━━━━━ Exercise input

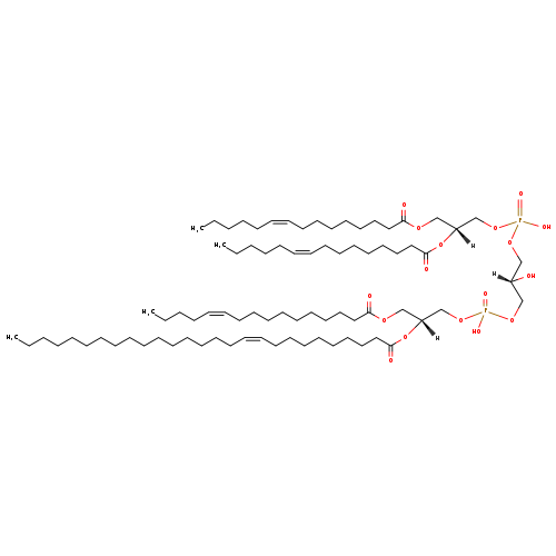 | YMDB09561 | CL(14:1(9Z)/16:1(11Z)/16:1(11Z)/26:1(9Z)) | [(2S)-3-({[(2R)-2-[(10Z)-heptacos-10-enoyloxy]-3-[(11Z)-hexadec-11-enoyloxy]propoxy](hydroxy)phosphoryl}oxy)-2-hydroxypropoxy][(2R)-2-[(11Z)-hexadec-11-enoyloxy]-3-[(9Z)-tetradec-9-enoyloxy]propoxy]phosphinic acid | C82H152O17P2 1472.049 | |
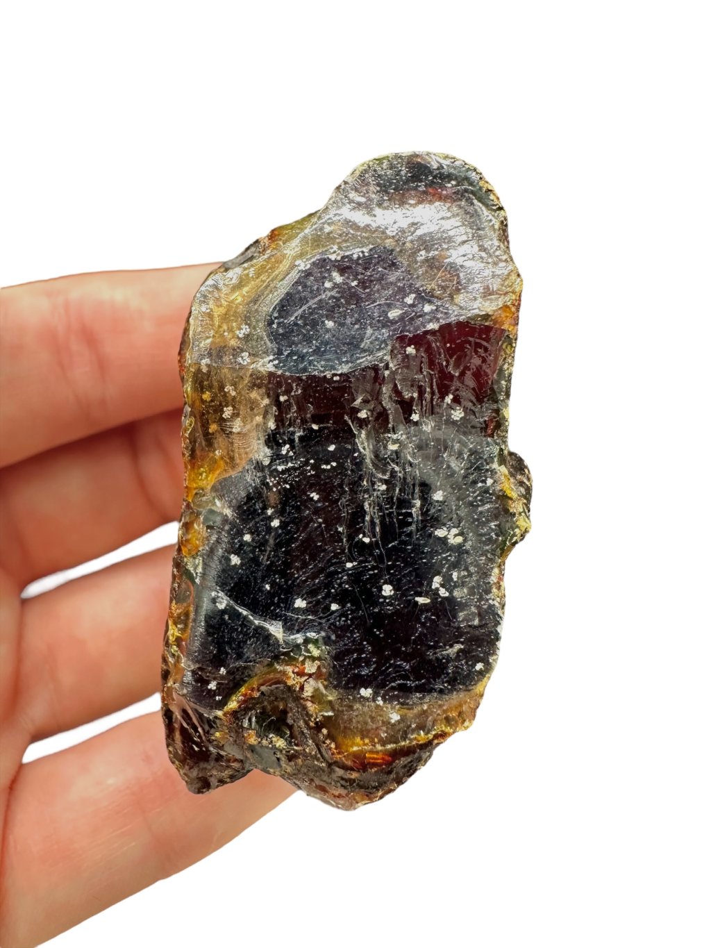 Indonesian amber has a hardness of about 2 to 2.5 on the Mohs scale, making it relatively soft and easily scratched. Its density ranges between 1.05 and 1.10 g/cm³, which is why it often floats in salt water. Chemically, it contains less succinic acid than Baltic amber, setting it apart.
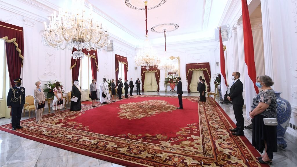 Presiden Joko Widodo menerima surat kepercayaan dari sembilan duta besar luar biasa dan berkuasa penuh (LBBP) negara-negara sahabat. Penyerahan surat kepercayaan tersebut digelar di Ruang Kredensial, Istana Merdeka, Jakarta, pada Senin, 25 Oktober 2021.
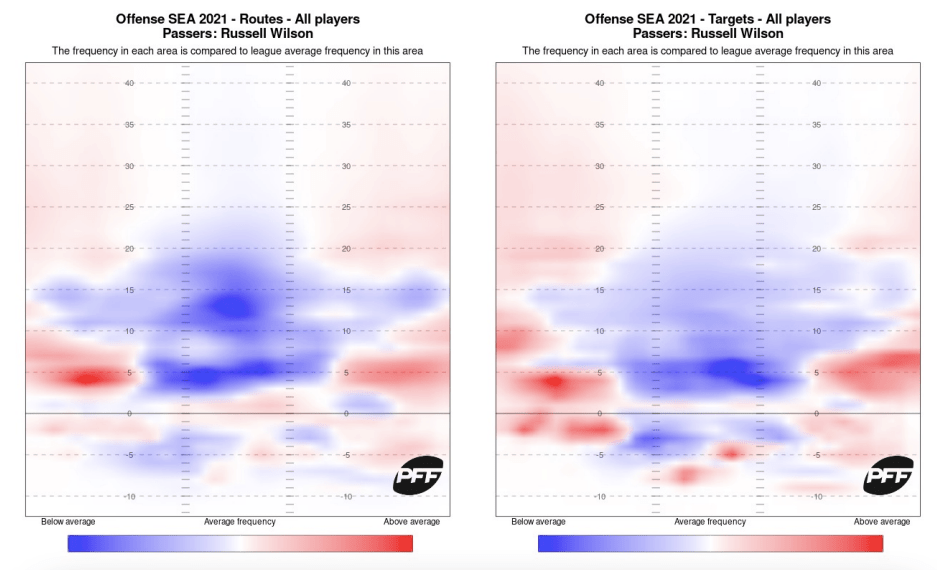 A magasság hiánya miatt Russell Wilson nem lát ki a fal mögül és nem látja a pálya közepét, ezért arra a részre nem dobál. Jól mutatja ezt a PFF által készített hőtérkép is, ahol a kék szín azt mutatja, hogy hová dobál átlag alatti gyakorisággal egy irányító (a piros pedig, ahová átlag feletti gyakorisággal). Látható, hogy a pálya közepe gyakorlatilag teljesen kihasználatlan Wilsonnal, tavaly csak az Eagles dobált kevesebbet középre a Seahawksnál (és a Hawks számait felhúzza Geno Smith).
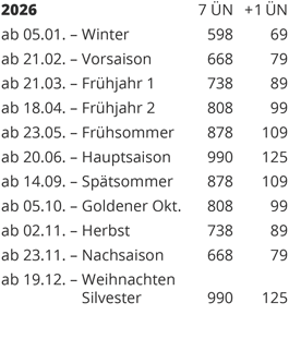 Saisonzeiten und Preise bei Belegung mit 2 Gästen
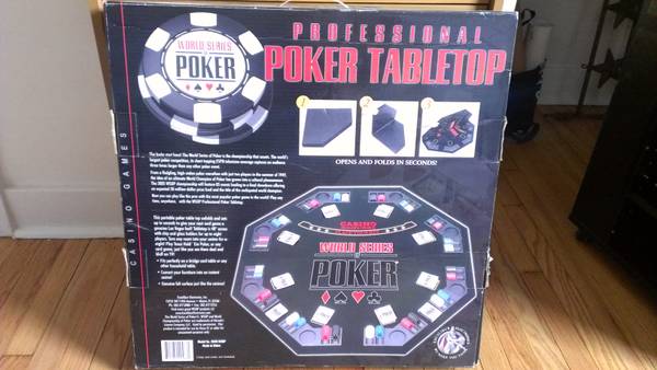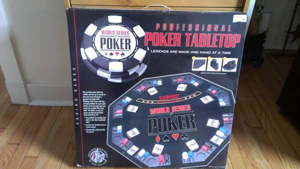 I have a brand new (unopened) WSOP Professional Poker Tabletop. It fits perfectly on a bridge card table or any other household table. Manufactured by Excalibur. The Table Top is 48" across with chip and glass holders for 8 players. Email me at brycepetit@gmail.com if interested. [image: Inline image 2][image: Inline image 1]
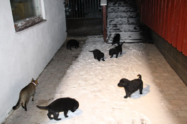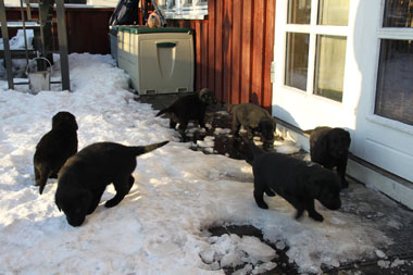 13.01.11. I går var trolla ute 3 ganger for å trene på å tisse og bæsje ute. Ganske gøy når gutt rumpe står å hyler på døren utpå kvelden og jeg lukker opp ,og han går ut å bæsjer. Da skjønner de fort tegninga synes jeg. Han gikk ikke så langt da. Fikk akkurat rumpa over terskelen så satt han der.:-)Merethe og jeg slapp de alle 6 en tur på verandaen også tidligere på dagen. Der var det også kjempe spennende. De er ganske så trygge på nye ting. Snø var rart og morsomt. Bæsj kom det også ute og en av de tråkket jeg godt oppi. Merethe hadde det da veldig morsomt !!!!!!!! Her er alle på terrassen i går formiddag,så er det guttrumpe & guttvb. Siste bildet er alle ute i hundegården i går kveld. Godt hjulpet av Mie.
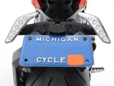 Akcesoryjny uchwyt tablicy rejestracyjnej R&G Fender Eliminator pozwala zrezygnować z fabrycznego, masywnego tylnego błotnika, co mocno poprawia wygląd maszyny. Uchwyt wykonany jest ze stali nierdzewnej i/lub aluminium i malowany proszkowo. Pozwala na zamontowanie tablicy rejestracyjnej blisko ogona motocykla, nadając mu lekką, minimalistyczną linię. W komplecie homologowane oświetlenie LED. Uchwyty R&G Fender Eliminator przeznaczone są do użytku w krajach, w których stosuje się małe tablice rejestracyjne – np. w Wielkiej Brytanii (18 cm wysokości). Dają możliwość montażu oryginalnych lub akcesoryjnych kierunkowskazów. Kolor: czarny.
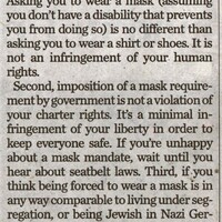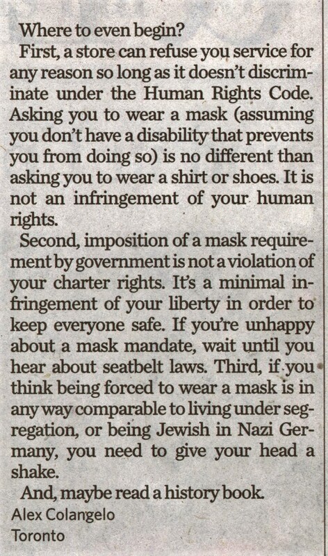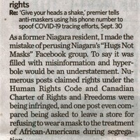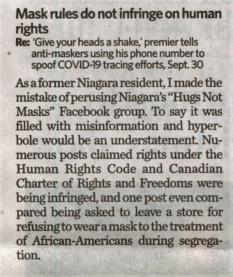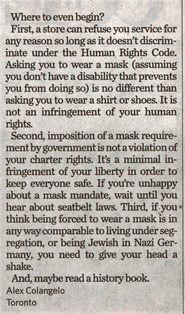 Mask rules do not infringe on human rights Re: 'Give your heads a shake,' premier tells anti-maskers using his phone number to spoof COVID-19 tracing efforts, Sept. 30
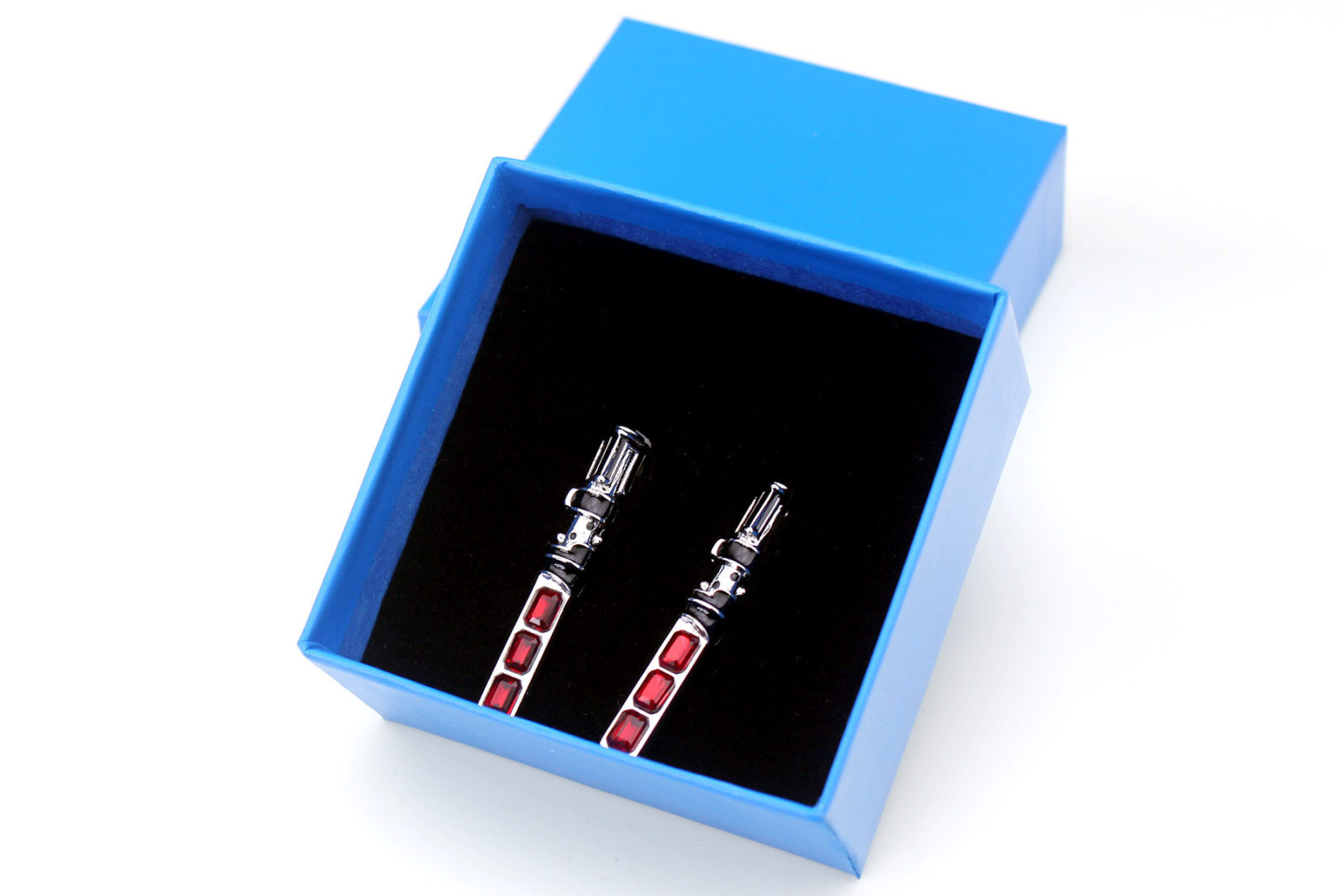 These earrings are available in two design choices – red with Darth Vader’s lightsaber, or green with Luke Skywalker’s ROTJ lightsaber. As I already have two jedi-themed lightsaber earring sets (in blue, from Bioworld and Body Vibe), I decided I needed some sith representation in my jewelry collection. The Jedi Order symbol is used quite frequently in modern Star Wars jewelry – Sith symbols aren’t as widely known or used, so the classic Empire symbol is used for most ‘bad guy’ themes (even though for sith, it only applies to Darth Vader and Darth Sidious).Of course I wish I could have bought both sets, as the green stones look lovely (and I’m always a big fan of jedi themed fashion), but my sith themed apparel could do with some fantastic coordinating jewelry. While the hilt is specifically Darth Vader’s, I feel the red colour is strong enough to represent sith lightsabers in general. Both colour choices are still available at HSN – priced at US$29.95 per pair.

━━━━━━━━━━

About this exercise:
Your task is to return the lines above, from the first one up to and including the line containing "Saisonzeiten und Preise", minus any pictures.

The completed task:
 | YMDB09561 | CL(14:1(9Z)/16:1(11Z)/16:1(11Z)/26:1(9Z)) | [(2S)-3-({[(2R)-2-[(10Z)-heptacos-10-enoyloxy]-3-[(11Z)-hexadec-11-enoyloxy]propoxy](hydroxy)phosphoryl}oxy)-2-hydroxypropoxy][(2R)-2-[(11Z)-hexadec-11-enoyloxy]-3-[(9Z)-tetradec-9-enoyloxy]propoxy]phosphinic acid | C82H152O17P2 1472.049 | |
 Indonesian amber has a hardness of about 2 to 2.5 on the Mohs scale, making it relatively soft and easily scratched. Its density ranges between 1.05 and 1.10 g/cm³, which is why it often floats in salt water. Chemically, it contains less succinic acid than Baltic amber, setting it apart.
 Presiden Joko Widodo menerima surat kepercayaan dari sembilan duta besar luar biasa dan berkuasa penuh (LBBP) negara-negara sahabat. Penyerahan surat kepercayaan tersebut digelar di Ruang Kredensial, Istana Merdeka, Jakarta, pada Senin, 25 Oktober 2021.
 A magasság hiánya miatt Russell Wilson nem lát ki a fal mögül és nem látja a pálya közepét, ezért arra a részre nem dobál. Jól mutatja ezt a PFF által készített hőtérkép is, ahol a kék szín azt mutatja, hogy hová dobál átlag alatti gyakorisággal egy irányító (a piros pedig, ahová átlag feletti gyakorisággal). Látható, hogy a pálya közepe gyakorlatilag teljesen kihasználatlan Wilsonnal, tavaly csak az Eagles dobált kevesebbet középre a Seahawksnál (és a Hawks számait felhúzza Geno Smith).
 Saisonzeiten und Preise bei Belegung mit 2 Gästen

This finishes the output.